Acima de todas estas questões, a sociedade se organiza nos dois lados da fronteira Uruguai-Argentina. Em favor da vida, da saúde e da água potável para hoje e para gerações futuras, contra as chuvas ácidas e as emanações malcheirosas de enxofre e cloro, contra os derivados cancerígenos e organoclorados, os ambientalistas e pessoas das comunidades continuam bloqueando as pontes entre os dois países. Eles decidiram tomar em suas mãos o destino de sua terra e de seus rios.

Mas o presidente uruguaio Tabaré Vásquez insiste no fim do bloqueio das estradas e das pontes na província argentina de Entre Rios, conforme notícia do jornal La Nación, de Buenos Aires (18/3). Vasquez afirma que as papeleras da Botnia e da Ence serão construídas. E nega qualquer pacto ou acordo com o presidente argentino, Nestor Kirchner, para encontrar um ponto em comum que ‘satisfaça a preocupação popular por eventuais contaminações que as fábricas possam vir a produzir’, afirma o conservador jornal argentino.

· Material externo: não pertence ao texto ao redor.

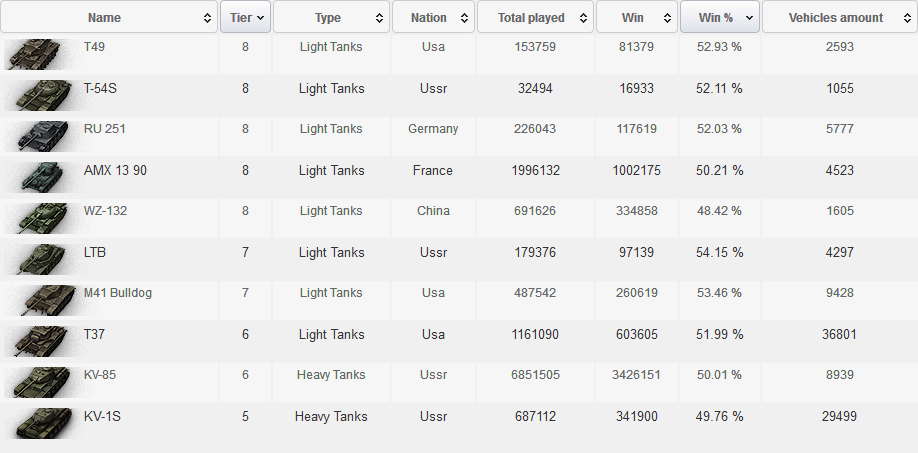 Stimme ich dir komplett zu allerdings sollte man immer noch ein wenig abwarten was da passiert besonders weil beim LTTB die Stats doch weit auseinander sind beim M41 aber recht gleich sind mit jeweils über 53% die anderen haben sich ja nach dem ersten Wert nach unten schon korrigiert. Aber es sieht so aus, dass in 9.5 oder 9.6 der Bulldog wohl den Nerf bekommt wenn die Statistik über den 53% bleibt.

No fim de semana, a par das manchetes de jornal de Porto Alegre, os ambientalistas argentinos esperavam delegação vinda de Paraná, capital da província, para manifestar seu apoio ao movimento que já está no seu segundo mês. Neste domingo, revela LaNación.com, um barco do Greenpeace zarparia do cais de Puerto Madero em direção a Fray Bentos, para somar-se aos protestos contra as papeleras.

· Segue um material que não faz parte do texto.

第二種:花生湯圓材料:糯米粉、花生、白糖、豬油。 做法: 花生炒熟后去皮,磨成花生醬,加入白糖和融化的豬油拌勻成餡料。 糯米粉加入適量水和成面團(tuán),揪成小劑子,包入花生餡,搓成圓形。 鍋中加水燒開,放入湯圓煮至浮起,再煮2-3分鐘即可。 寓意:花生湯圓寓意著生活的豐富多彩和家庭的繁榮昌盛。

E então: para onde correm os rios que têm a cor papel? Eles correm para os afluentes dos rios, para os mananciais de água potável, descem com sua carga tóxica e cancerígena rumo ao Rio da Prata e ao Oceano Atlântico, poluindo e devastando o ar e as águas.

Se o MST fosse de fato impulsionado por Chávez – como garante Zero Hora –, já se pode constatar com clareza que esta questão, levantada pela invasão da Via Campesina, é muito mais complexa. Ela diz respeito, enfim, à própria sobrevivência, com qualidade, das pessoas de hoje e de amanhã. Ela diz respeito à dignidade das pessoas comuns, que se levantam por seus direitos, ignorados ou desprezados pela tecnoarrogância que dirige, hoje, os destinos deste pequeno planeta.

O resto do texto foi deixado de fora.